Nel primo caso (propagazione per seme) si ottengono individui con caratteristiche proprie perché provengono dall’unione dei due gameti, maschile e femminile, portanti ognuno la metà del patrimonio genetico dei genitori.

Nel secondo caso (propagazione mediante una parte della pianta) il patrimonio genetico sarà uguale a quello della pianta da cui è stata prelevata la porzione vegetante, e l’individuo che si sviluppa sarà in tutto e per tutto simile alla pianta madre. In questo caso, non intervenendo i gameti, è meglio parlare, anziché di riproduzione, di moltiplicazione vegetativa.

Riproduzione (per seme)

Viene utilizzata raramente per ottenere piante da frutto. Il suo scopo è quello di produrre portinnesti o per attuare il miglioramento genetico ed è usata per le specie arboree ornamentali e forestali.
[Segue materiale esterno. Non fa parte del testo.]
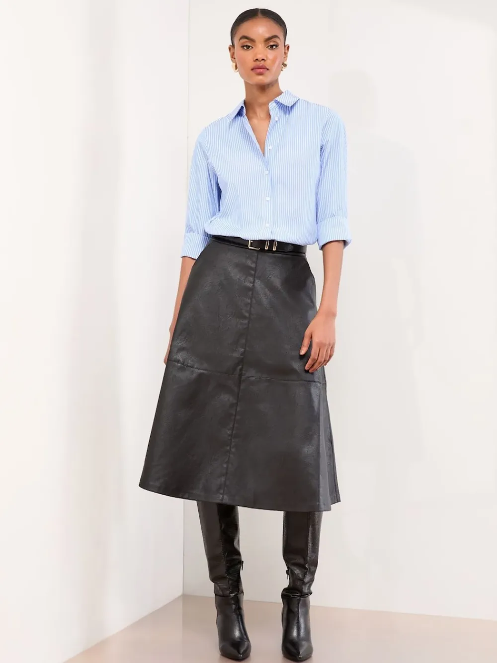 Command attention in this sophisticated Lipsy midi skirt. The faux leather fabric features a subtle textured finish, while the fit and flared full hem creates an elegant silhouette. Practical side seam pockets and a secure back zip fastening complete this chic look. Faux leather Textured finish Back zip fastening Side seam pockets Full hem fit and flared fit Backing 95% Polyester, 4% Cotton, 1% Viscose. Face 100% PU.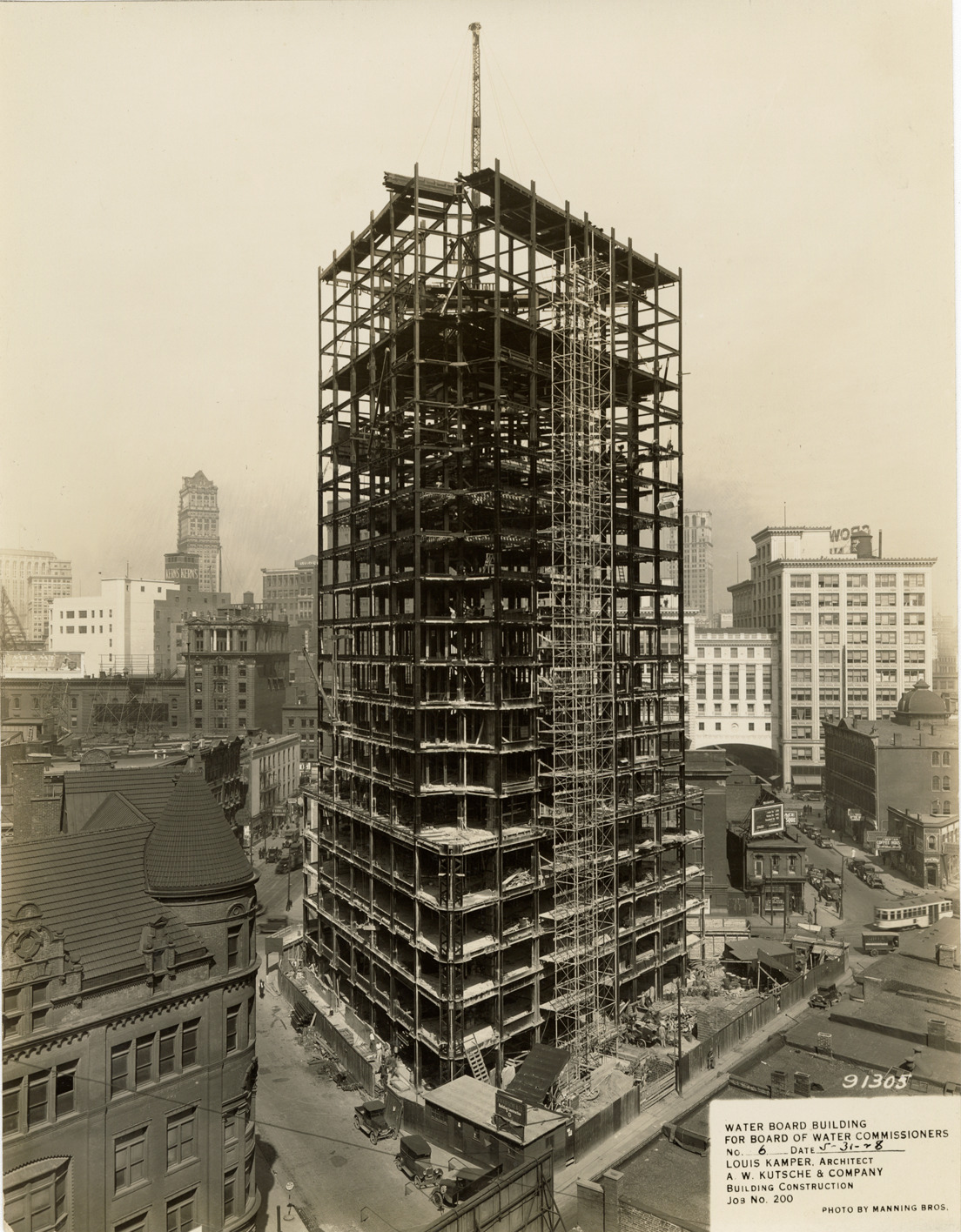 View of Water Board building during construction, Detroit water supply system. Printed on front: "Water Board building for Board of Water Commissioners. No. 6. Date: 5-31-28. Louis Kamper, architect. A.W. Kutsche & Company. Building construction. Job no. 200. Photo by Manning Bros."

Nel caso di produzione di portinnesti, è chiamata franco la piantina originata da seme che proviene dall’incrocio di piante coltivate. Quando invece il seme proviene da piante spontanee è meglio parlare di selvatico.

Le piantine nate da seme presentano una radice fittonante e, appena nate, tutti i caratteri della pianta selvatica. Sono perciò molto vigorose, hanno foglie piccole e rami spinosi. Da adulte, cioè dopo gli 8-10 anni, cominciano a “ingentilire”, perdono quasi tutti i caratteri del selvatico e assumono meglio l’aspetto delia specie coltivata.

L’entrata in produzione è perciò molto tardiva e i frutti, normalmente, non assomigliano a quelli della pianta madre. Un inconveniente che presentano i portinnesti di franco e selvatico è la frequente difformità di sviluppo; questo comporta notevoli difficoltà nei frutteti specializzati, dove le varie operazioni colturali necessitano di piante a sviluppo pressoché uguale per ottenere un prodotto omogeneo. Tale inconveniente viene superato con il miglioramento genetico, cioè con l’incrocio e l’ibridazione.

Caratteristiche come l’adattabilità a clima e terreno, l’aumento della resistenza ad alcune malattie, l’uniformità di sviluppo, la nanificazione ecc. sono, grazie alle pratiche dell’incrocio e dell’ibridazione, presenti nei portinnesti attuali.

L’incrocio è l’operazione che porta a fecondare ovuli di una specie dotata di determinate caratteristiche con polline proveniente da una pianta della stessa specie, con caratteristiche simili o completamente differenti.

L’ibridazione cerca di riunire in un individuo i caratteri presenti nei due genitori; appartenenti allo stesso genere ma a due specie diverse, traendone il meglio da ciascuno. Con questa tecnica, per esempio, si sono ottenuti quasi tutti i portinnesti E.M. (dal nome della stazione sperimentale inglese East Mailing) del Melo, derivanti dalla fecondazione di Malus comunis con Malus pumilia. In entrambi i casi, comunque, il lavoro di scelta delle piante, di fecondazione e di attesa dei risultati è estremamente lungo.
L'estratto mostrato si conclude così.